Défilé printemps-été 2026 Louis Vuitton. Benoit Tessier / Reuters

Le Louis Vuitton de Ghesquière s’inscrit dans l’avant-garde, même lorsqu’il est plus cool en jean et tee-shirt appliqué de fleurs en tricot, ou en manteau en maille duveteuse comme du pilou. Il aura quand même fallu prendre des libertés avec le storytelling en ce qui concerne la maroquinerie: on ne s’étonnera donc pas que l’hôtesse des lieux porte à chaque passage ou presque, un sac bowling incurvé sur le dessus en cuir crème, sac seau décoré d’un blason ancien du malletier, format pochette sérigraphié de fleurs de tapisserie et même un très long fourre-tout en tricot de baba cool de luxe...

Mais comment est-on passé de la VIP Louis Vuitton, sanglée comme une gladiatrice que le directeur artistique a façonnée depuis dix ans sur les tapis rouges, à cette élégante de salon? Et comment a-t-il contourné la sacro-sainte philosophie du malletier «l’âme du voyage»? « Cette collection, c’est un peu comme un voyage à travers votre appartement, même si, certes, tous les appartements ne sont pas le Louvre, sourit Nicolas Ghesquière peu après le défilé. J’avais envie de créer l’atmosphère de sérénité que l’on ressent lorsqu’on est dans le confort de son foyer. C’est aussi ce que j’ai voulu transcrire en demandant à Cate Blanchett de réciter les paroles de This Must Be the Place de Talking Heads pour la bande-son. Mais je voulais pousser l’exercice en montrant qu’il peut être aussi amusant de s’habiller de manière sophistiquée chez soi, pour soi-même ou pour recevoir ses amis.»

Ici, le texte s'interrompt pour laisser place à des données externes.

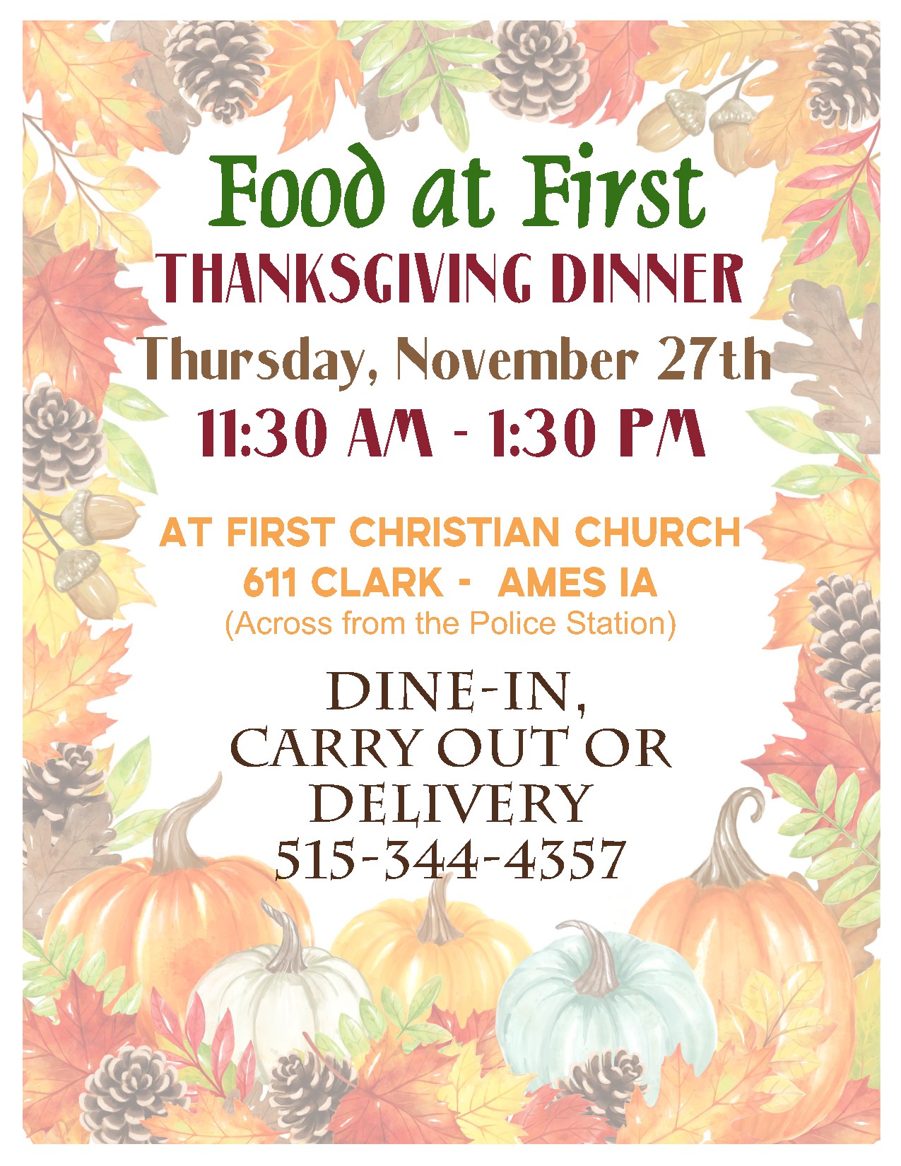 Location: 611 Clark, First Christian Church, Ames, IA (across from Ames Police Station). Dine-in, carry-out or delivery.

C’est l’idée d’une intimité qui n’empêche pas l’extravagance, traduite dans les mélanges de fibres naturelles «toujours poussées par une technologie cachée quelque part. Les cachemires, les soies brossées sont challengés par des fils techniques.» Ne serait-ce que pour donner de la tenue et de la structure à ces matières «molles» et pour qu’elles soient viables aussi dans la vie publique. Car si l’inspiration de cette saison été 2026 est bien home sweet home, les «femmes» de Ghesquière (Jennifer Connelly, Emma Stone, Léa Seydoux, Noémie Merlant d’ailleurs au premier rang) portent ses créations pour affronter le stress et les spotlights des premières.